Она сразу открыла дверь и опалила меня своими горящими фиалковыми глазами:
— Шелл, где ты пропадал?
— Я пропадал? Где, к черту, была ты? Я звонил несколько минут назад, и никто не ответил.
Она было нахмурилась, но тут же сверкнула ослепительной белозубой улыбкой:
— Ты беспокоился, Шелл? Из-за меня?
Она подвела меня к стулу, а сама уселась на постели, подобрав под себя ноги.
— Еще как, черт побери, беспокоился. Громилы Мэйса могли найти тебя. — Я поколебался и добавил: — Или ты могла сбежать.
Ее обольстительные губы опять сложились в улыбку.
— Я принимала ванну. Видишь ли, это не самый шикарный отель в Лос-Анджелесе. И ванная комната здесь далеко — в другом конце коридора. Я только что вернулась оттуда. — Ее улыбка стала еще шире.
И лишь тогда я обратил внимание, что она полуодета. Она была в узеньком голубом пеньюаре из тонкой ткани, который слишком плотно обтягивал тело. Конечно, он хорошо на ней смотрелся, хотя был явно маловат. И все же он так облегал ее полные пышные формы, что лучше некуда.
— Откуда пеньюарчик? Ты выходила из отеля?
— Нет, я попросила коридорного, который приносит мне еду, сбегать в магазин. Он запутался в размерах, потому пеньюар и тесноват.

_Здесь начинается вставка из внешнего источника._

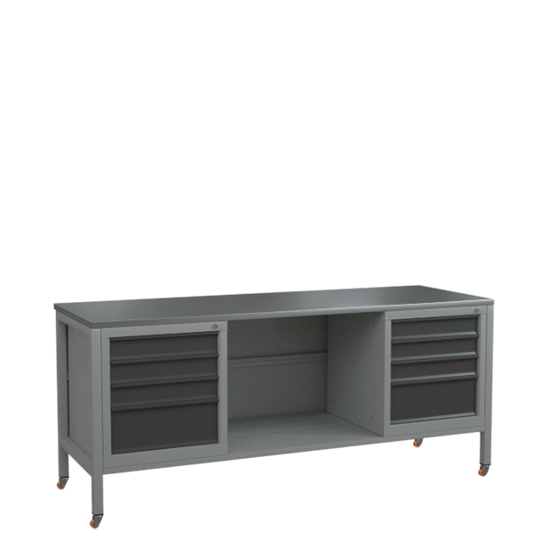 - Оснащён оцинкованной столешницей и двумя тумбами с 4 выдвижными ящиками.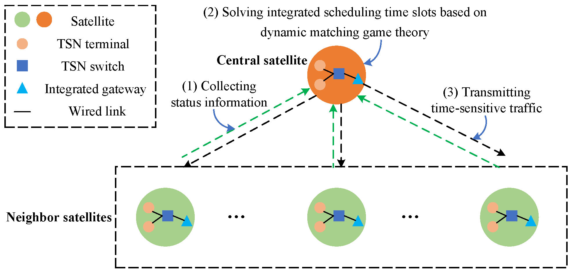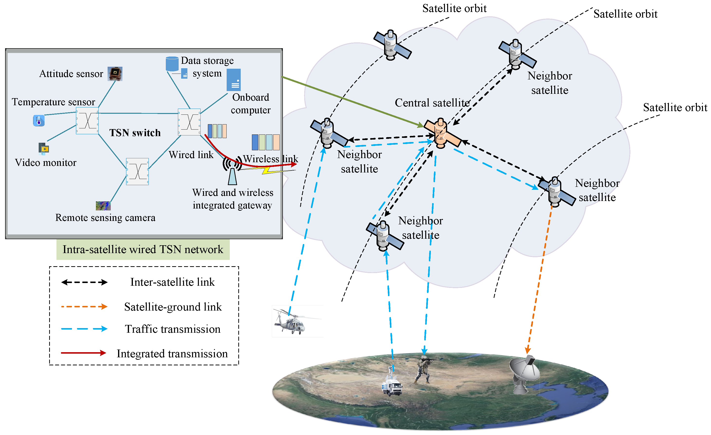 The LEO constellation scenario with wired and wireless integrated scheduling mechanism is shown in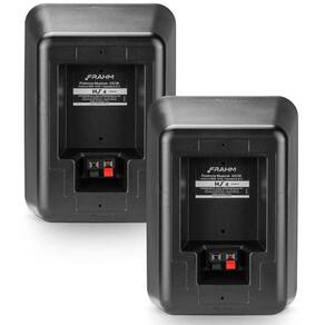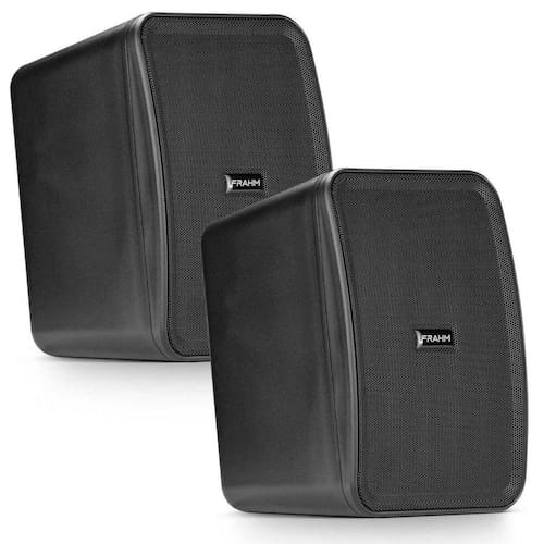 Caixa De Som Hs 4 Outdoor Preta 100W Rms Musical - Frahm As caixas HS 4 Outdoor foram desenvolvidas para ambientes internos e externos com um material super resistente, que protege o equipamento da exposição ao sol, ao vento ou chuva sem danificar ou prejudicar a qualidade e estética da caixa de som. Por isso podem ser instaladas em ambientes comerciais e/ou residenciais. Tem uma acústica equilibrada com ótima resposta em baixas frequências, telar em alumínio, possui um exclusivo suporte bidirecional que proporciona ajustes de ângulos nos eixos horizontal e vertical e local externo para fixação do tráfo (Sem necessidade de abrir o produto para aplicar o tráfo). Possui uma excelente resposta em todas as frequências e potencia para atender os mais variados ambientes, seja ele residencial ou comercial. Especificações Técnicas: - Produto: Caixa de Som - Marca: Frahm - Modelo: HS 4 Outdoor - Potência Musical: 100W - Potência RMS: 50WRMS - Impedância: 8 Ohms - Resposta de Frequência: 60Hz - 20 Hkz - Sensibilidade: 88dB - Medidas Aproximadas do Produto(AxLxC): 21x15x15 cm - Medidas Aproximadas da Embalagem (AxLxC): 23x36x16 cm - Peso Aproximado: 3,5 Kg (PAR) Conteúdo da Embalagem: - 2 Caixas de Som HS 4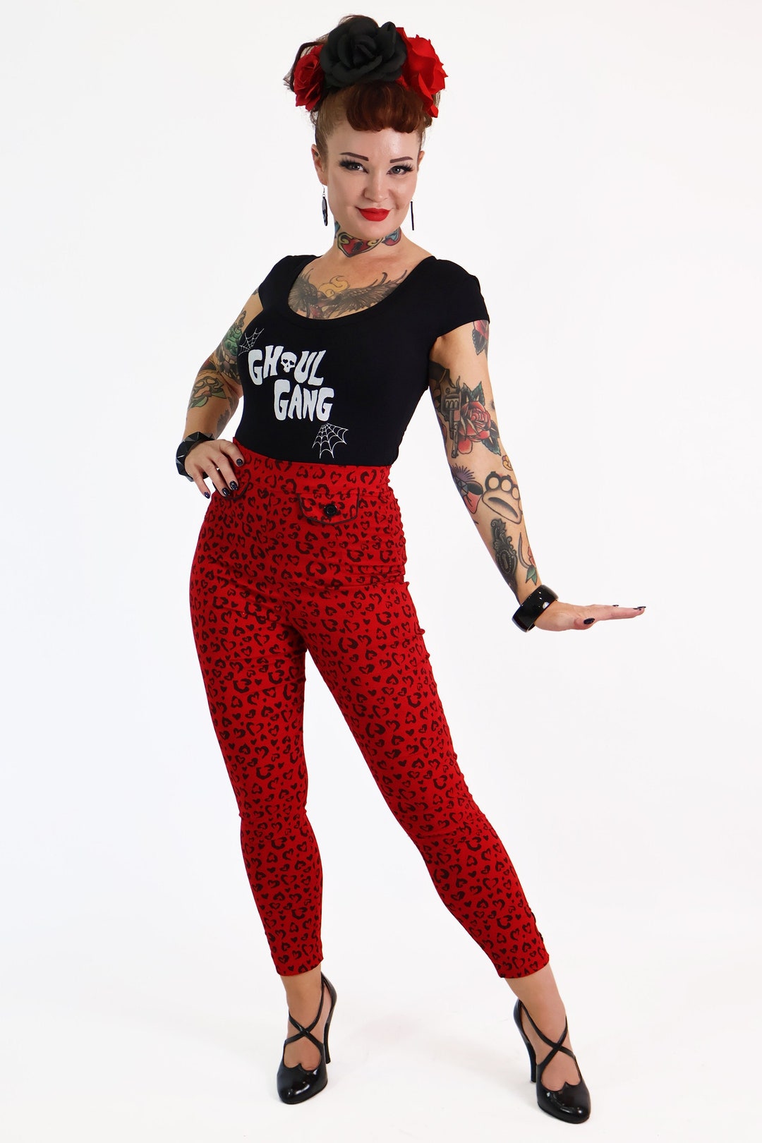 pantaloni leopardati rossi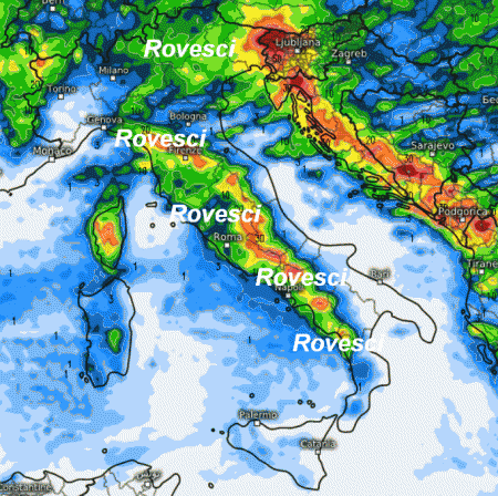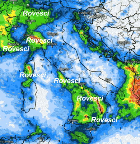 Ancora rovesci al nord-est, lungo tutto il versante tirrenico e le aree interne accompagnati da venti sostenuti occidentali. Lungo il versante adriatico, le estreme regioni meridionali e le Isole tempo asciutto o con piogge poco probabili.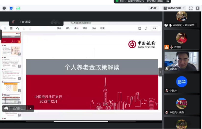 此次讲座主讲人是中国银行理财经理唐杰和蒋忆帆,讲座过程中深入浅出地从参加个人养老金有什么条件、个人养老金账户如何开户、个人养老金缴纳上限等方面进行解读。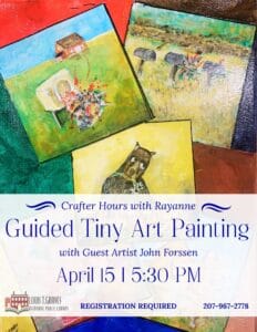 This special session will feature a guided class with guest artist John Forssen. Participants will have the opportunity to paint their own 4”x4” canvas—complete with a miniature wooden easel—while exploring vibrant summer garden themes. This class is designed for adults of all skill levels, and all supplies are provided. Registration is required to attend. Attendees may choose to display their finished artwork in the library’s upcoming Tiny Art Show and pick it up later or take their masterpiece home the same evening. As always, the emphasis is on having fun—remember, it is fun art, not fine art! The Louis T. Graves Memorial Public Library is located at 18 Maine Street, Kennebunkport. For further information or to register, please call 207-967-2778 or visit www.graveslibrary.org.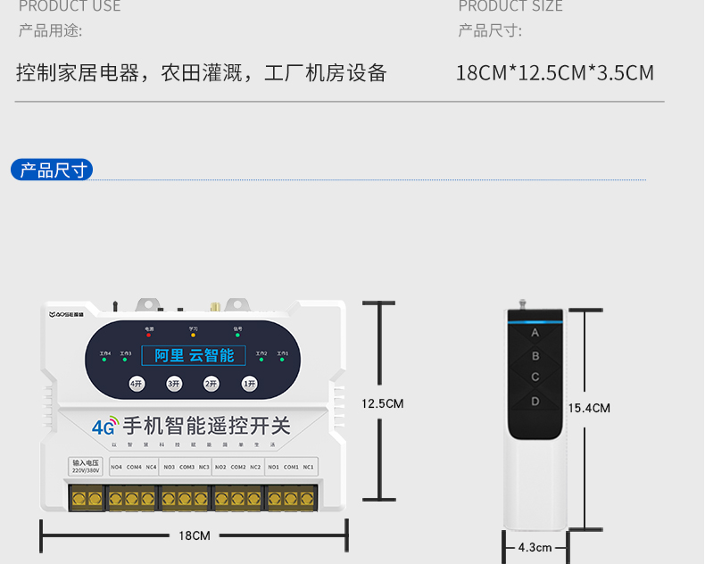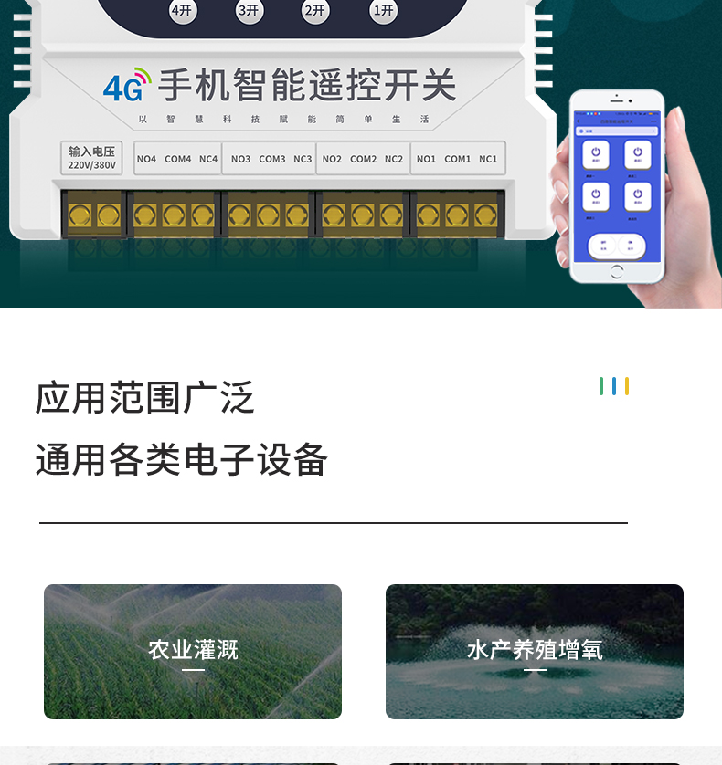 4G一路手機遠程遙控開關(guān)(A8系列) 產(chǎn)品規(guī)格 功能特點 資料下載 品名:GPRS手機遙控開關(guān) 型號:YS-A8-1 控制方式:手機APP/RF遙控/手動控制 傳輸方式:GPRS傳輸 控制距離:無限距離,手機有信號就能控制;(RF遙控器4000米) 工作電壓:220v、380v通用 產(chǎn)品尺寸:控制器180*125MM、遙控器136*43MM 用途:家電控制、農(nóng)田灌溉、工廠機房設備。多個控制器可在一個app上綁定控制!功能強大便捷!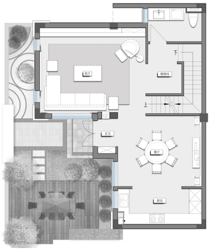 建面约220㎡合院露台层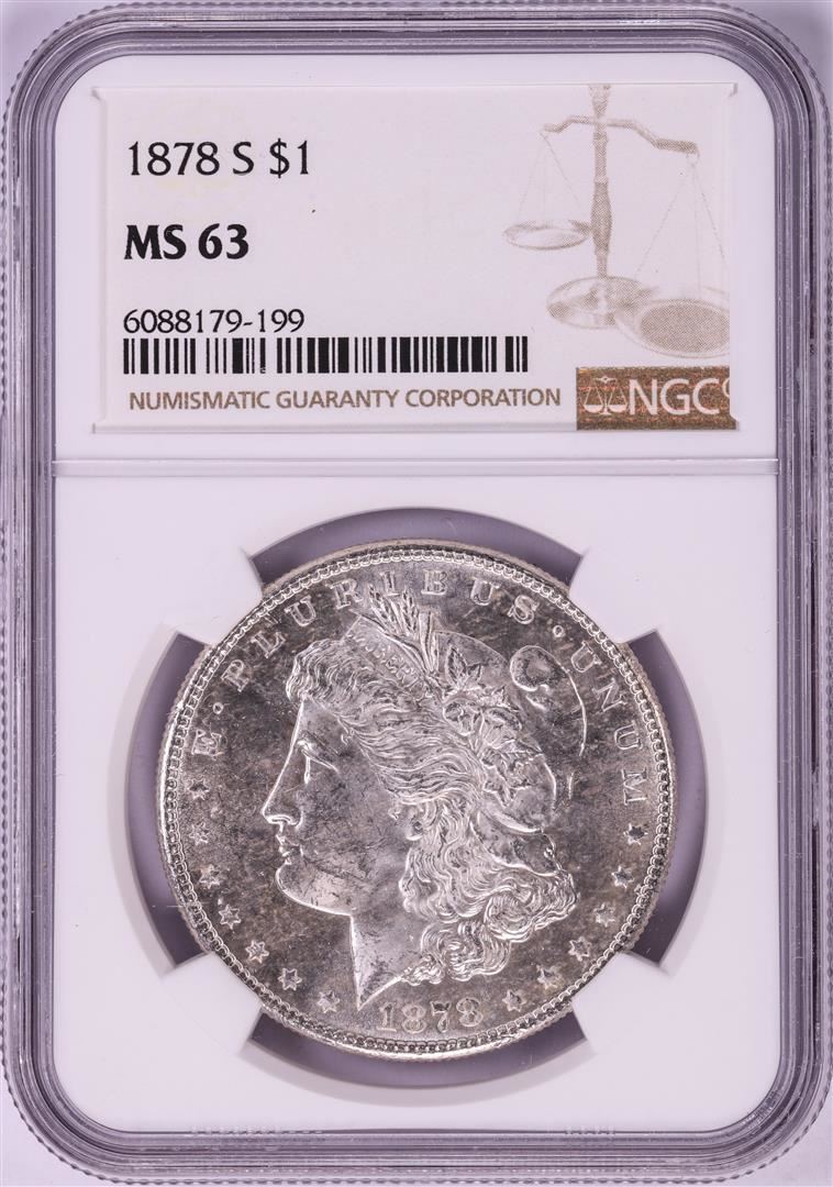 One 1878-S $1 Morgan Silver Dollar Coin NGC MS63. NGC Certified.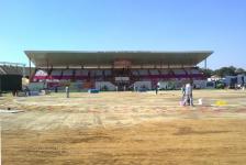 RCC framed structure has been adopted up to seating level with brick masonry infill walls. The canopy on the seating area is designed in pre-engineered steel structure which has been introduced first time in such buildings in the state. This structure has an edge over the conventional structures as it proves to be more precise, hassle free, economical and less time consuming. The structural components like pillars, girders, purlins etc., were designed as per exact requirements and manufactured in factories with great precision. These components then brought at sites and assembled in short span of time, thus meeting deadlines for World Kabaddi Cup.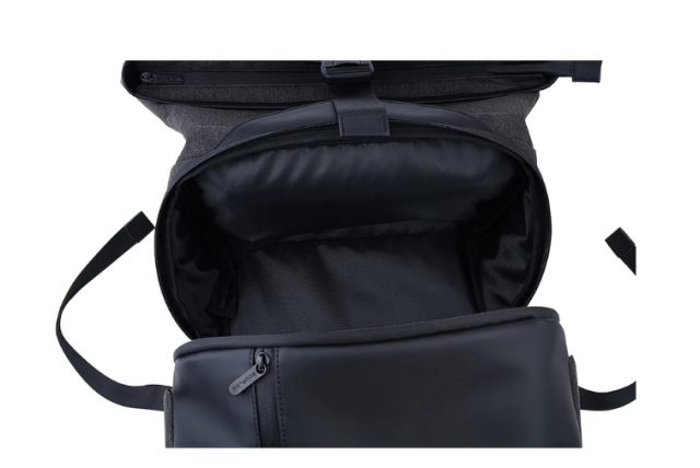 Con una capacidad de 30 litros, la mochila puede albergar fácilmente un portátil de hasta 15,6 pulgadas, ropa, libros, una botella de agua y otros artículos de uso diario. Su diseño enrollable permite ampliar o reducir la mochila según sea necesario, pudiendo ajustar las dimensiones entre 38 × 12 × 32 cm y 42 × 12 × 32 cm. El sistema de cierres de fácil apertura permite un cómodo manejo con una sola mano.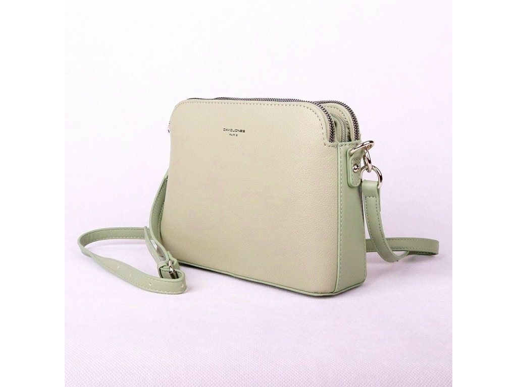 Malá pevnější tříoddílová crossbody kabelka David Jones ve světlezelené barvě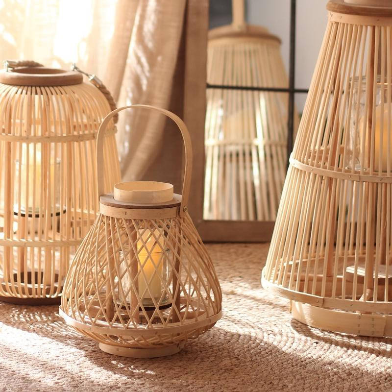 Vintage Bamboo Weaving Lantern Candle Hanging Lamp Shades Antique Home Decoration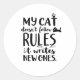 Un design graphique drôle et audacieux pour les propriétaires de chats qui connaissent leurs animaux de compagnie sont responsables! Cet art typographique présente la citation : "Mon chat ne suit pas les règles, il en écrit de nouvelles." Avec une icône et un empreinte de patte de chat stylisé, il est parfait pour les t-shirts, les tasses, ou comme art mural pour célébrer l'anarchie ludique de votre félin préféré.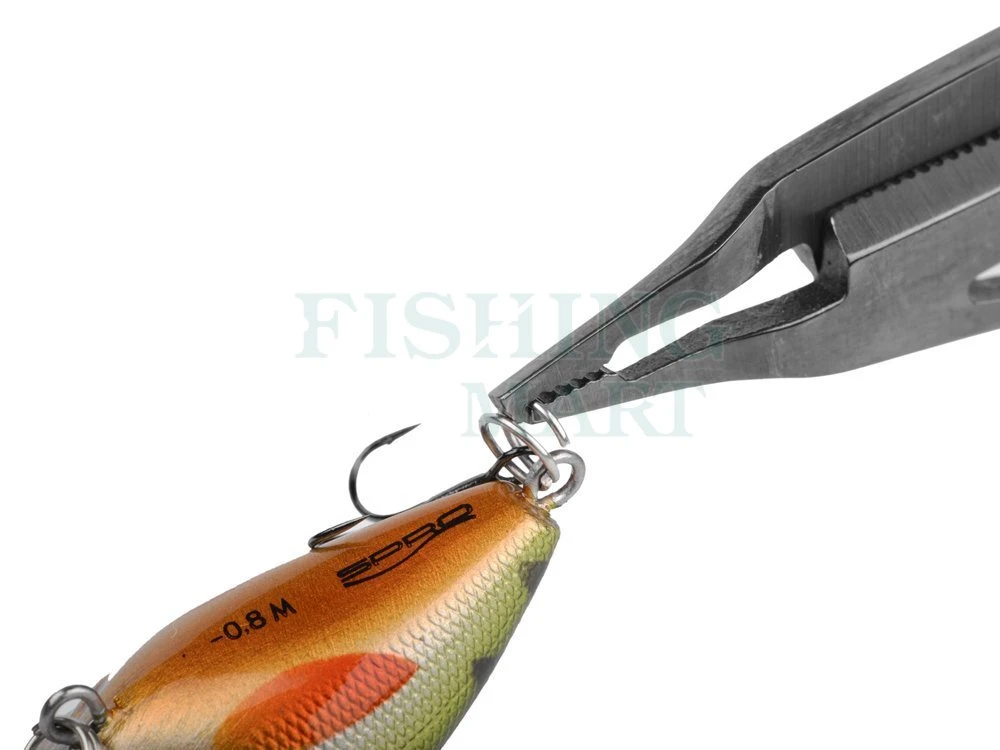 Kompaktowe i praktyczne szczypce zaprojektowane specjalnie do otwierania najmniejszych kółeczek łącznikowych. Wyposażone w ostrza do przecinania plecionki i żyłki. Te szczypce nie zardzewieją, ponieważ części ze stali nierdzewnej zostały dodatkowo pokryte warstwą tytanu.

Она поджала губы, пристально разглядывая меня с минуту, потом спросила:
— Что тебя привело сюда? Интересуешься, восстановила ли я силы?
— Уф... Я наводил справки по делу Брэйна. В итоге у меня возникла куча обрывочных, пока еще бессвязных мыслей. Я надеюсь, ты мне поможешь разобраться хотя бы с некоторыми из них.
— Если смогу. Ты же знаешь, как я жажду, чтобы все это оказалось позади.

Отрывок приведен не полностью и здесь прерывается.